Pregnancy Weight Gain Study Shows Too Many Moms Gain Too Much

On the heels of the Sarah Stage pregnancy weight gain controversy, a new study concludes many moms gain too much, putting themselves and their babies at risk for health problems.

Stage — a 30-year-old lingerie model, who has been documenting her pregnancy on social media — sparked criticism over her tiny, almost full-term baby belly. She
recently defended herself on Good Morning America, saying she can’t believe anyone would say such rude things to a pregnant woman.

“As long as the baby is healthy, I don’t think anything else matters. That should be the most important thing.”

Sarah Stage says she has gained about 20 pounds, which is right on target, according to Dr. Jennifer Ashton, Ob/Gyn and ABC News medical contributor. Dr. Ashton has no problem with Stage’s size.


“The fact that she looks skinny on Instagram does not mean her baby growth is restricted or too small. It has nothing to do if you can see her muscles if her uterus is the perfect size and she has gained an amount of weight that is acceptable.”

Dr. Ashton goes on to explain that due to Stage’s youth; tall, thin frame; and the fact this is her first pregnancy, her small belly is not unusual.

While not all expectant moms should aim to look like lingerie models, researchers are concerned with excessive pregnancy weight gain and its affects on women and babies. As reported by WebMD, nearly half of the 44,000 moms recently studied gained more than the recommended amount of weight during pregnancy. Thirty-two percent fell within the guidelines, and 1-in-5 gained too little weight.

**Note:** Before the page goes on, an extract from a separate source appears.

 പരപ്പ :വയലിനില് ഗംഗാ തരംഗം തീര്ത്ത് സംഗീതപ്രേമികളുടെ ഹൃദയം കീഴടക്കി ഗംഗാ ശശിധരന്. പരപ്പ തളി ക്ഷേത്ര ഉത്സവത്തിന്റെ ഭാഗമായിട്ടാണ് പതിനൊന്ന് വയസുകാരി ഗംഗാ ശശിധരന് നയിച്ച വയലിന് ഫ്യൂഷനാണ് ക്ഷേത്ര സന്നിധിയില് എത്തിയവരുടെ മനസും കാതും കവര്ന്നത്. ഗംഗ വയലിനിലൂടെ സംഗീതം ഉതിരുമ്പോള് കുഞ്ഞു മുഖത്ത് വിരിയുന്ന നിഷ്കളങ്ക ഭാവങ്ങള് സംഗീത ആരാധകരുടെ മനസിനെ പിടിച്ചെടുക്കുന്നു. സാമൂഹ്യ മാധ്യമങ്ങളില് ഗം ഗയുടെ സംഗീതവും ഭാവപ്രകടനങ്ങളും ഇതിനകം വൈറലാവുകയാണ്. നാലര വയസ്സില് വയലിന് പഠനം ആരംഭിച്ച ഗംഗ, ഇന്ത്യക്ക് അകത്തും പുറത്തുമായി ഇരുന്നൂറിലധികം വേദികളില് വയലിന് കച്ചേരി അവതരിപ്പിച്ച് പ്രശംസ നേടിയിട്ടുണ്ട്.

Doctors find this worrisome because excessive pregnancy weight gain can have immediate and lasting health implications for both mother and child. Women have an increased risk for gestational diabetes, preeclampsia, premature delivery, emergency c-sections, and more. Babies may be born larger and are at greater risk for childhood obesity.

It’s not completely clear why such a large number of women are gaining more pregnancy weight than recommended. Dr. Karen Cooper, director of the Cleveland Clinic’s Be Well Moms program, says many women falsely believe pregnancy is the time to eat whatever they want and the weight will come off quickly after delivery. Dr. Megan Lutz, also from the Cleveland Clinic, explains further.

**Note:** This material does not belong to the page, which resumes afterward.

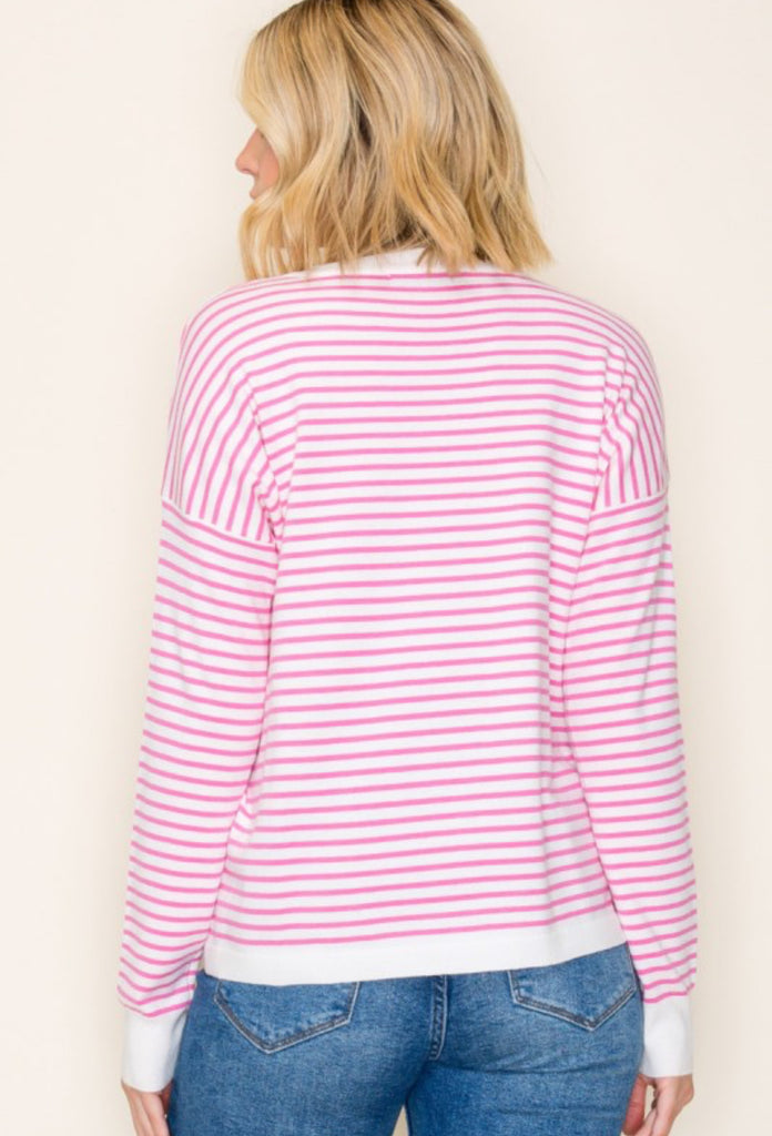 Everyday Relaxed Fit Stripe Sweater Pink

“Women probably don’t know what risk factors they may have at the start of pregnancy which put them at risk for excessive or inadequate weight gain in pregnancy. Women may not know dietary or exercise recommendations to succeed in pregnancy.”

So, what’s a mom to do? One day Kelly Clarkson is being fat-shamed for her pregnancy weight gain. The next day Sarah Stage is scrutinized for her itty-bitty baby bump. Now, researchers are saying too many moms are risking their own health and that of their babies’ by not sticking to the weight guidelines. Moms experience so much guilt as it is. Does this add to yours or do you take it all with a grain of salt?